**PROBLEM TO WORK ON:** Would you repeat word for word the lines of the listing that follows, from the one with "A partir de" up to and including the one with "Everlast Men 30m", and leave out the images?

= = = = = = =

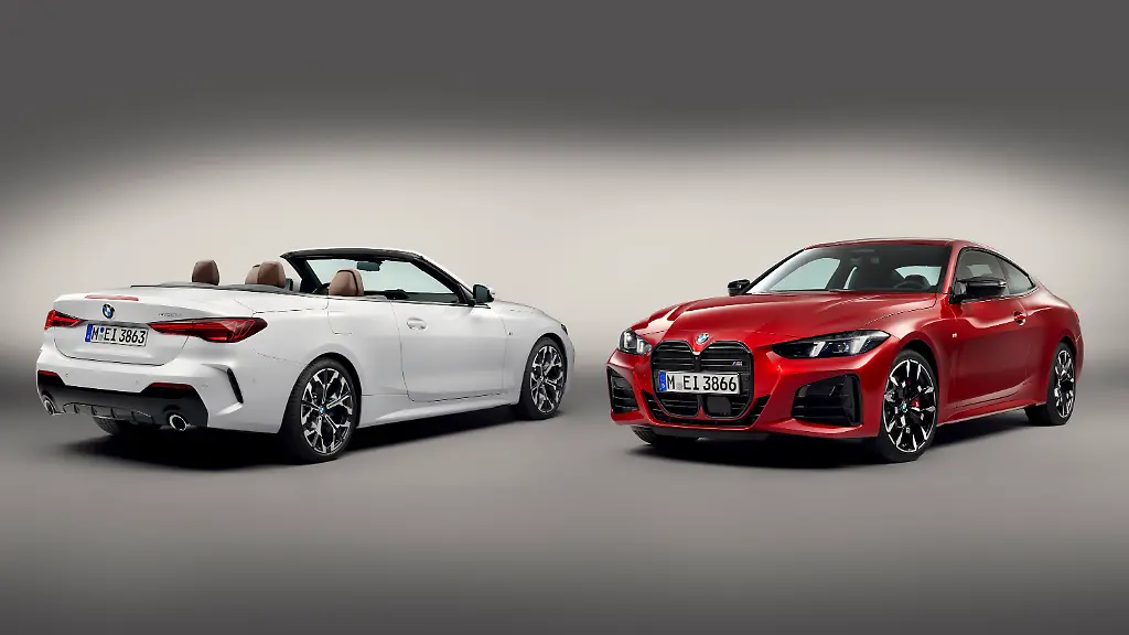 BMW gönnt den zweitürigen Karosserie-Typen seiner 4er-Familie zum Frühjahr 2024 eine Auffrischungskur. Die XL-Nieren bei Cabriolet und Coupé bleiben im Wesentlichen erhalten. Vom Vieraugen-Tagfahrlicht hat sich die 4er-Reihe verabschiedet. Neue Leuchtelemente vorn und hinten mit einer nun vertikal ausgerichteten Tagfahrlicht-Grafik sorgen für Frische.
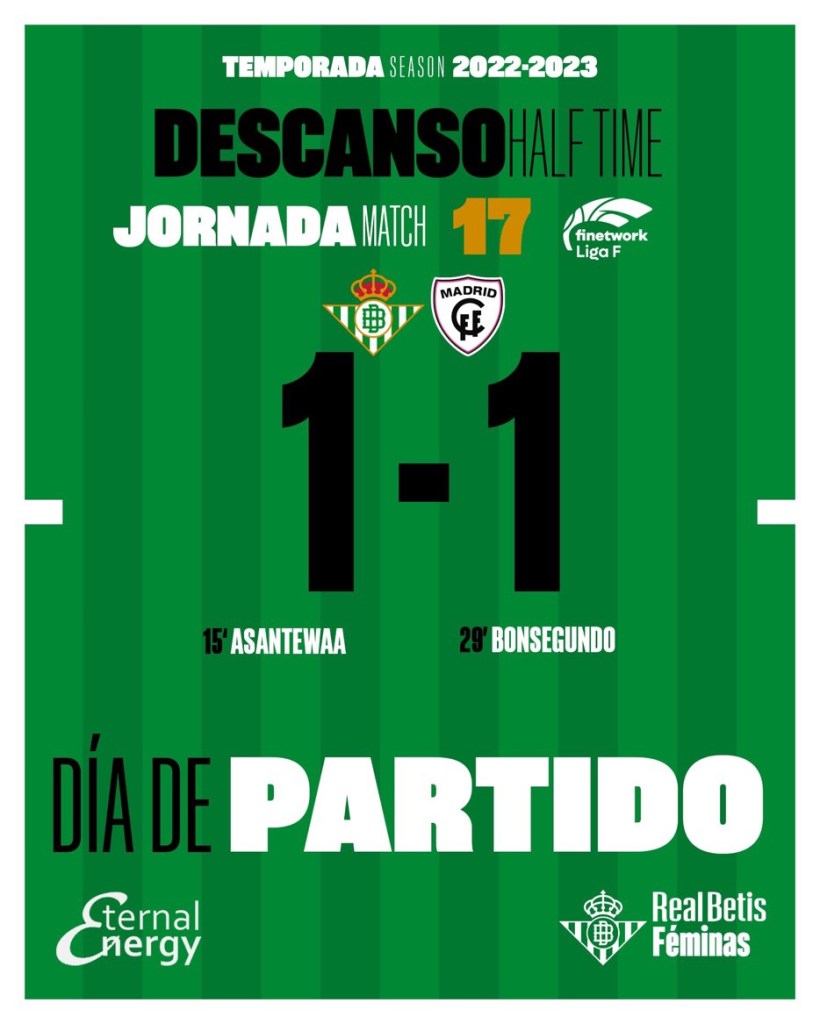 A partir de ahí, el Madrid CFF supo contemporizar el duelo con el marcador a su favor y dejó correr el cronómetro sin pasar apuros pese al arreón final del Real Betis y la contienda fue caminando hacia el final sin mayores sobresaltos.
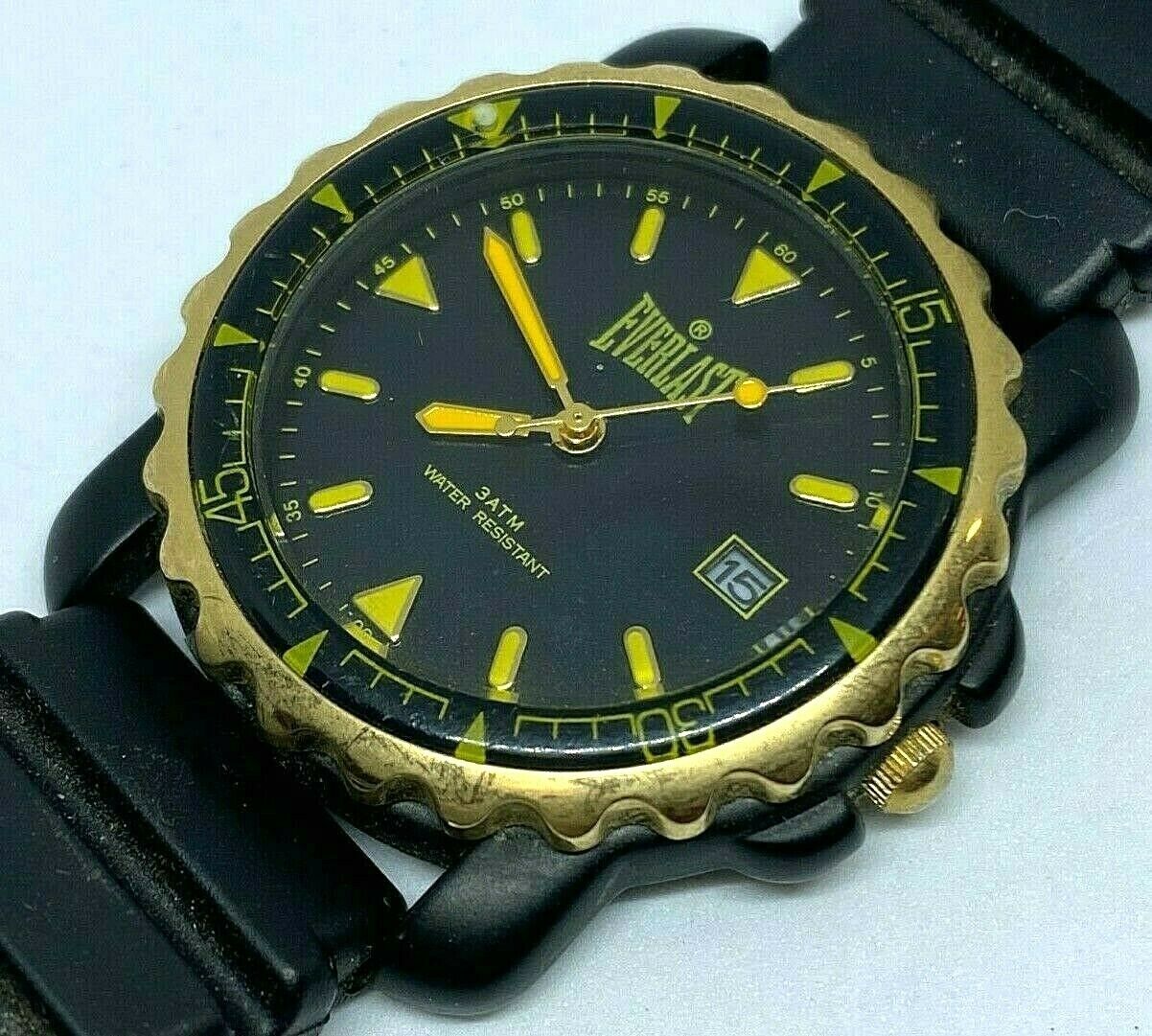 Everlast Men 30m Gold-Black Moving Bezel Analog Quartz Watch Hours~Date~New Batt
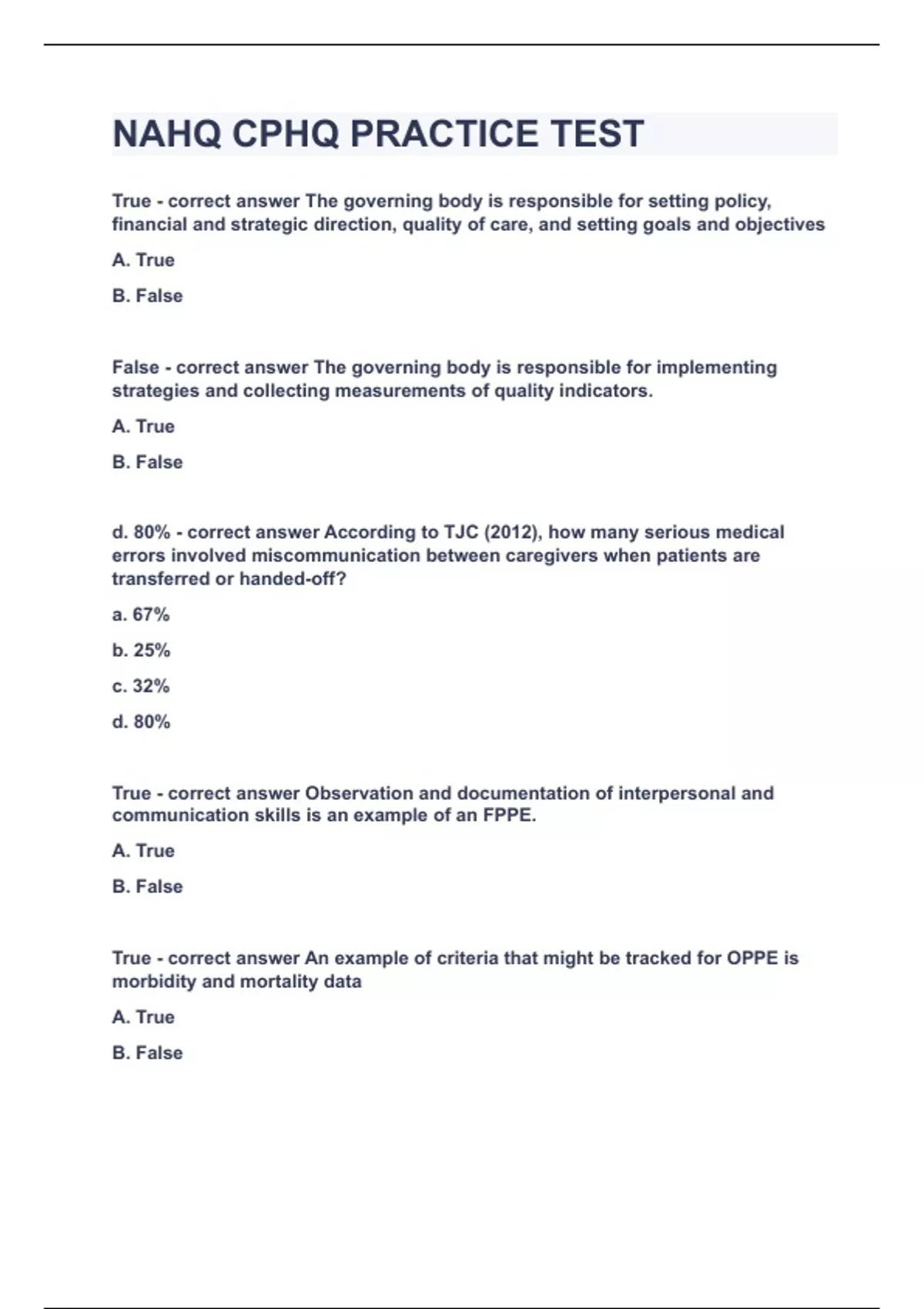 NAHQ CPHQ PRACTICE TEST True - correct answer The governing body is responsible for setting policy, financial and strategic direction, quality of care, and setting goals and objectives A. True B. False False - correct answer The governing body is responsible for implementing strategies and collecting measurements of quality indicators. A. True B. False
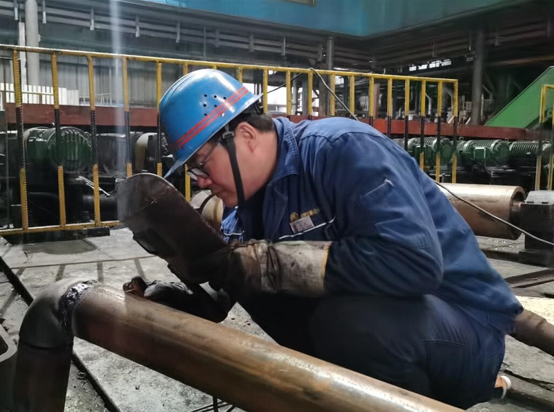 走進(jìn)軋鋼工序板帶作業(yè)區(qū)卷曲下料處檢修現(xiàn)場,鏗鏘敲擊聲、焊花四濺。鉗工馬龍頭戴安全帽,目光如炬,正在焊接下料平臺架子,周圍的冷空氣360度無死角彌漫,他全然不顧,忙得不亦樂乎。

= = = = = = =

**RESULT OF THIS TASK:**
 A partir de ahí, el Madrid CFF supo contemporizar el duelo con el marcador a su favor y dejó correr el cronómetro sin pasar apuros pese al arreón final del Real Betis y la contienda fue caminando hacia el final sin mayores sobresaltos.
 Everlast Men 30m Gold-Black Moving Bezel Analog Quartz Watch Hours~Date~New Batt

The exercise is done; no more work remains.